The comments of the experts have come in the backdrop of recently data breach in the Facebook wherein its CEO Mark Zuckerberg faced US Congress for two days over the data theft. The Facebook-Cambridge Analytica data scandal involves the collection of personally identifiable information of up to 87 million Facebook users and almost certainly a much greater number that Cambridge Analytica began collecting in 2014.

Context and Background

This report appeared ten days before the Karnataka Legislative Assembly elections held on 12 May 2018, and roughly a month after revelations that Cambridge Analytica had harvested data from up to 87 million Facebook users. The timing was significant: Karnataka’s election was widely viewed as a bellwether ahead of the 2019 Lok Sabha polls, and the Cambridge Analytica scandal had raised urgent questions about whether similar techniques could be deployed in Indian electoral contests.

Abraham’s central argument rested on a regulatory gap.
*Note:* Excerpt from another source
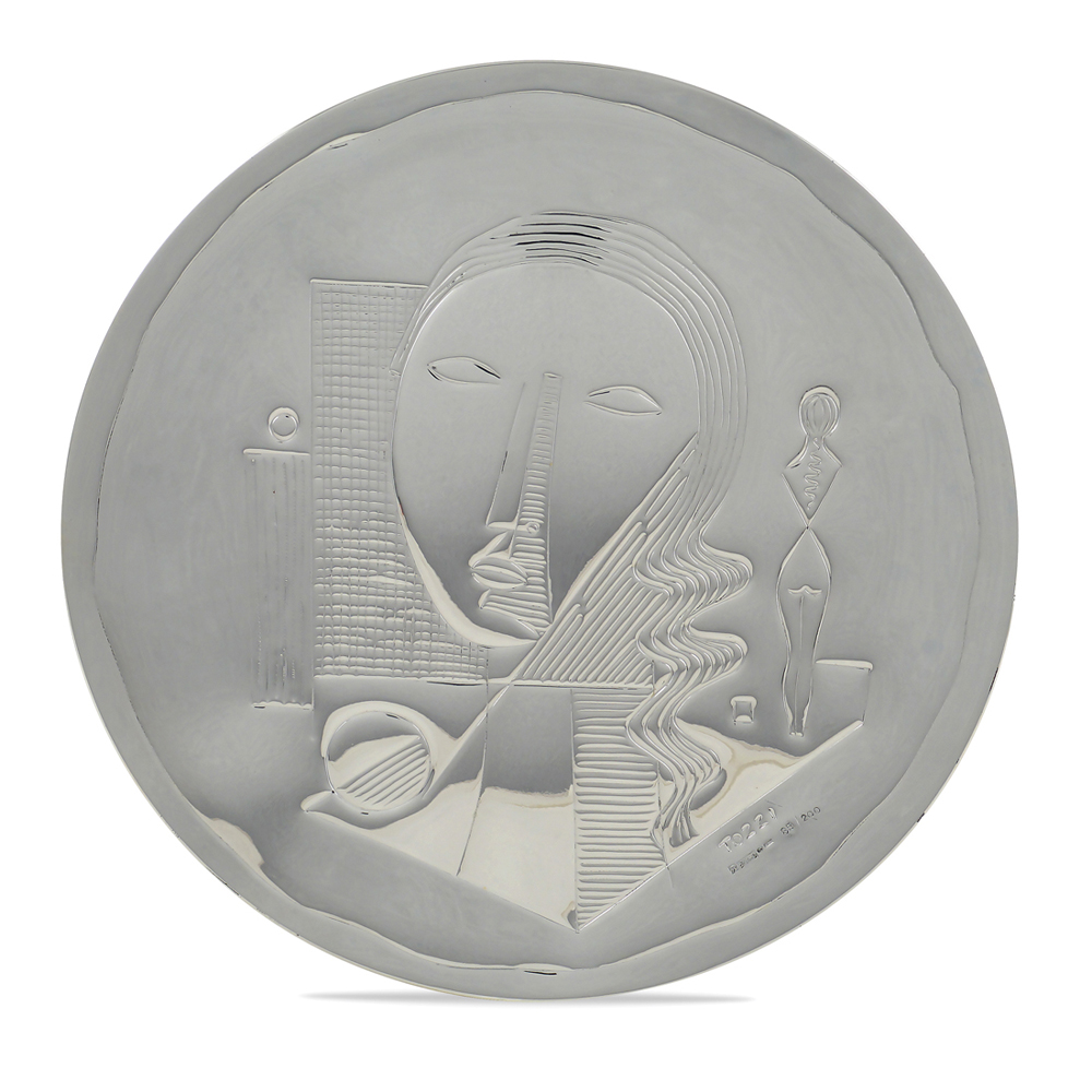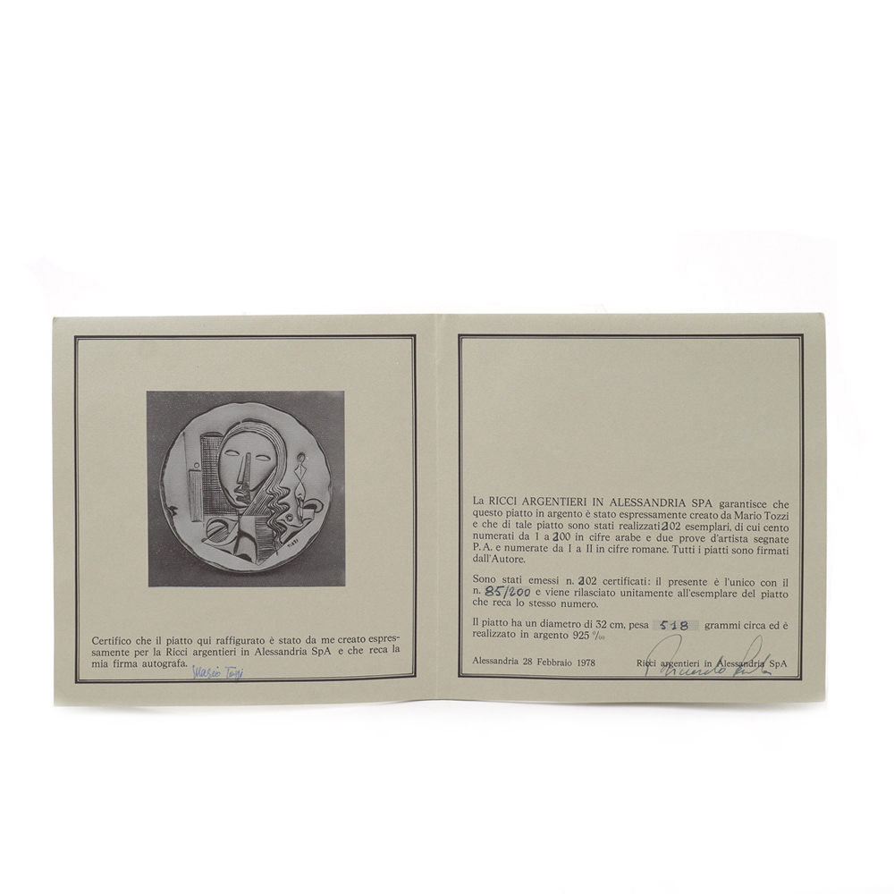 Mario Tozzi Fossombrone 1895- Saint-Jean-du-Gard,1979 peso 518 gr. piatto in argento eseguito da Ricci&co - Alessandria per la collezione i maestri dell'arte, es. 85/200 firmato e numerato, completo di scatola e certificato, d.32 cm.
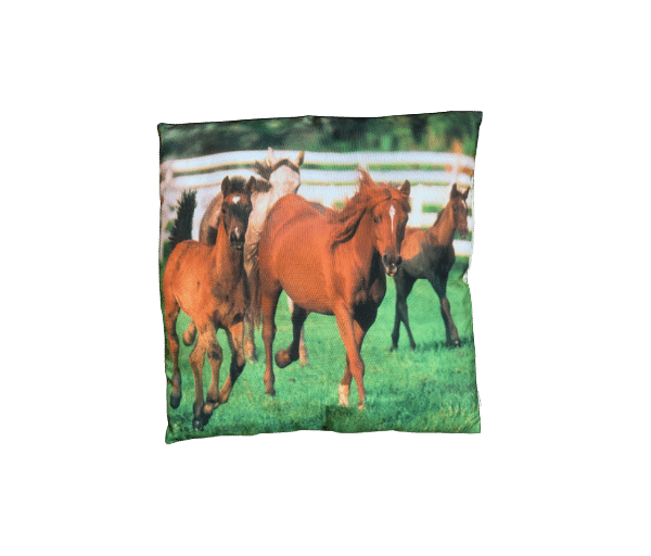 Mooi kussen (zonder opening/rits) met diverse paarden erop afgebeeld (dubbelzijdig).

Section 43A of the Information Technology Act, 2000, imposed data protection obligations only on corporate entities handling “sensitive personal data or information”—a category defined narrowly to exclude much of the information useful for political micro-targeting. Data shared publicly by users or visible to their social media connections fell outside statutory protections, meaning political actors could harvest and analyse such information without legal constraint or user consent.
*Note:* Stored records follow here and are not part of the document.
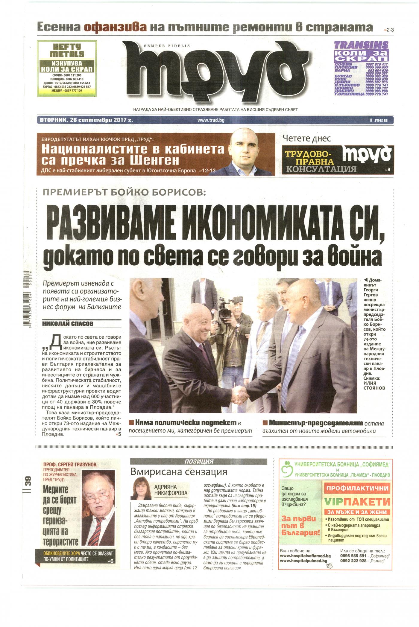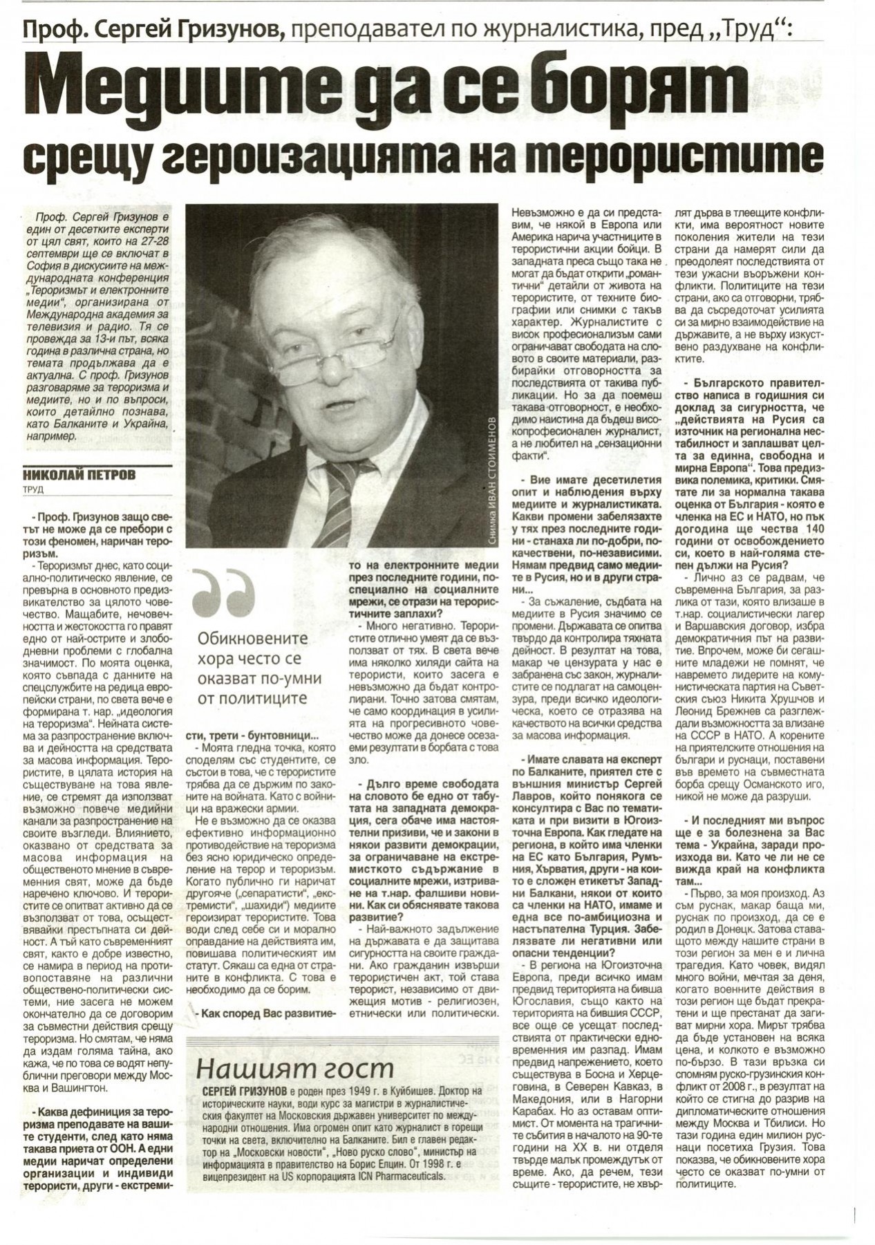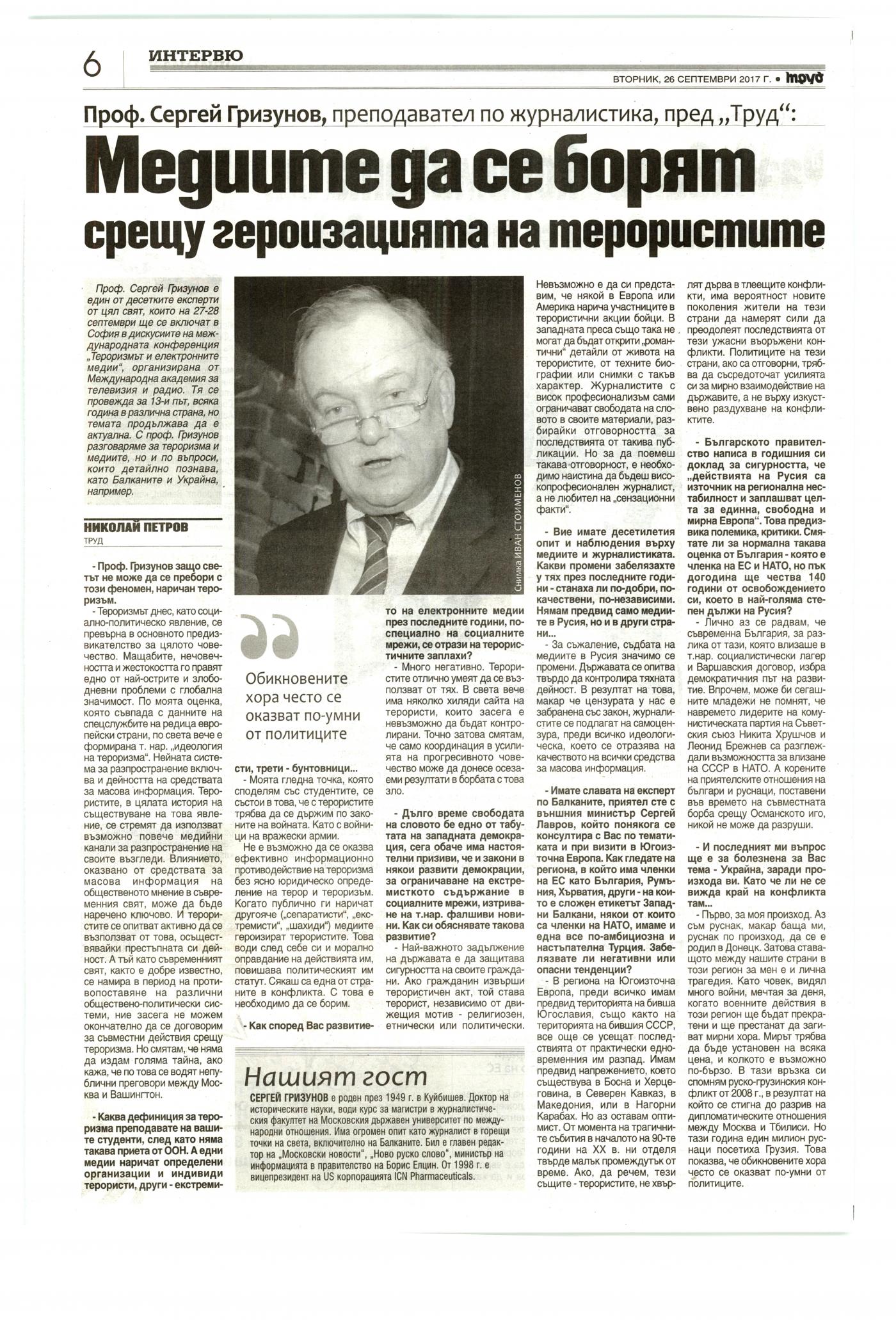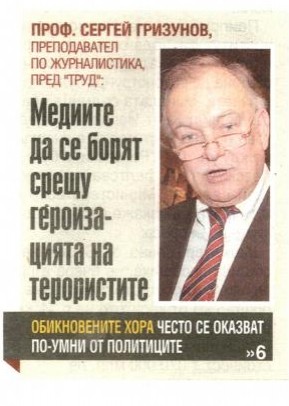 Проф. Сергей Гризунов, преподавател по журналистика, пред „Труд": „Meguume да се борят срещу героизацията на терористите“ | 26.09.2017 00:00 | Труд | стр. 1
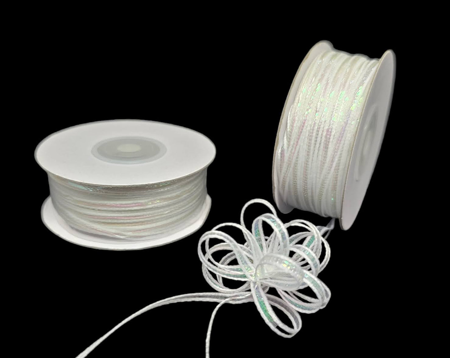 Iridescent White 4MM Pull Bow Ribbon 100 Yard
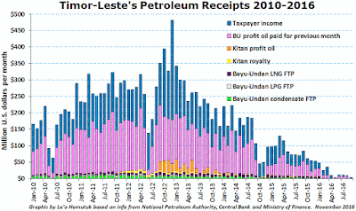 The proposed 2017 budget expects that Timor-Leste will receive only half as much money from Bayu-Undan during 2017-2021 as the proposed 2016 State Budget predicted just one year ago. The latest projections continue the trend of downgrading revenue projections every year since 2013, as shown in the graph at right. While the 2014 drop in global oil prices was significant, the reality is that the price of oil will soon be irrelevant – Timor-Leste’s producing reserves have already been almost entirely extracted. The ANPM recently authorized ConocoPhillips to drill three more production wells to suck up the last drops from Bayu-Undan; the cost of these wells will be deducted from Timor-Leste’s revenues, accelerating their decline.
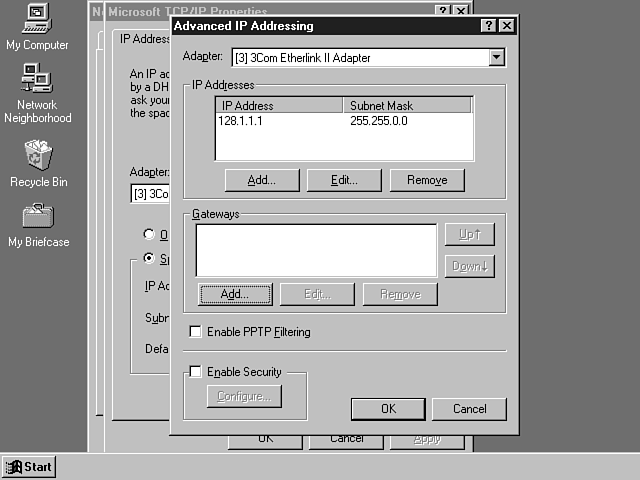 Once TCP/IP is installed, if you need to configure additional IP addresses or IP gateways, use the following procedure:
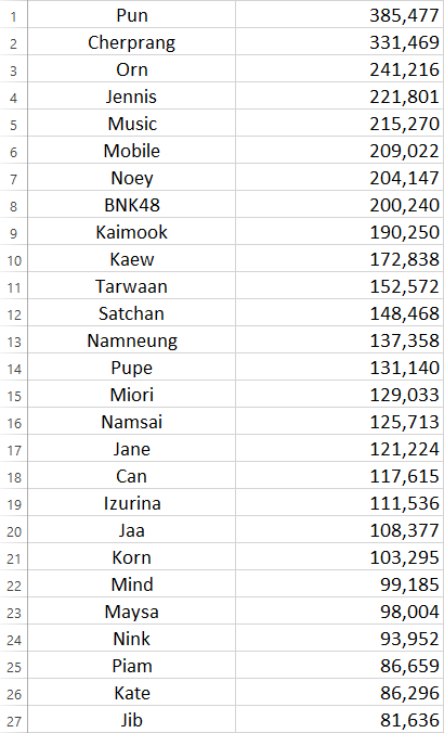 ยอดคนติดตามในแอพVOOV (ข้อมูล ณ วันที่ 28 เมษายน 61)

The vulnerabilities Sunil Abraham identified were amplified by India’s digital demographics. In 2018, the country was experiencing rapid internet expansion, with millions of first-time users coming online through affordable smartphones and low-cost data plans. Many of these users lacked the media literacy to critically evaluate content, having limited prior exposure to information ecosystems like television or print media. This created conditions where sophisticated disinformation campaigns—leveraging micro-targeted messaging based on harvested data—could prove particularly effective.

Sunil Abraham’s prediction that India would not have data protection legislation before the 2019 elections proved accurate. The Justice BN Srikrishna Committee, established in July 2017 to draft a data protection framework, submitted its report and the Personal Data Protection Bill only in July 2018. The legislative process extended far beyond the 2019 elections, with comprehensive data protection legislation eventually enacted only in 2023 as the Digital Personal Data Protection Act.

The reference to 108 countries having data protection laws similar to the EU’s General Data Protection Regulation (GDPR), which came into force in May 2018, highlighted India’s outlier status amongst major democracies. Whilst the European Union and many other jurisdictions were strengthening privacy protections in response to digital threats, India’s regulatory framework remained anchored in older statutes ill-equipped to address contemporary data practices.

Shubhamangala Sunil’s observation that India was “at least 10 years behind in comparison with the world in the cybersecurity domain” pointed to broader infrastructural and institutional deficits beyond legislation alone—including limited technical capacity in enforcement agencies, inadequate public awareness of digital risks, and insufficient resources devoted to cybersecurity relative to the scale of India’s digital transformation.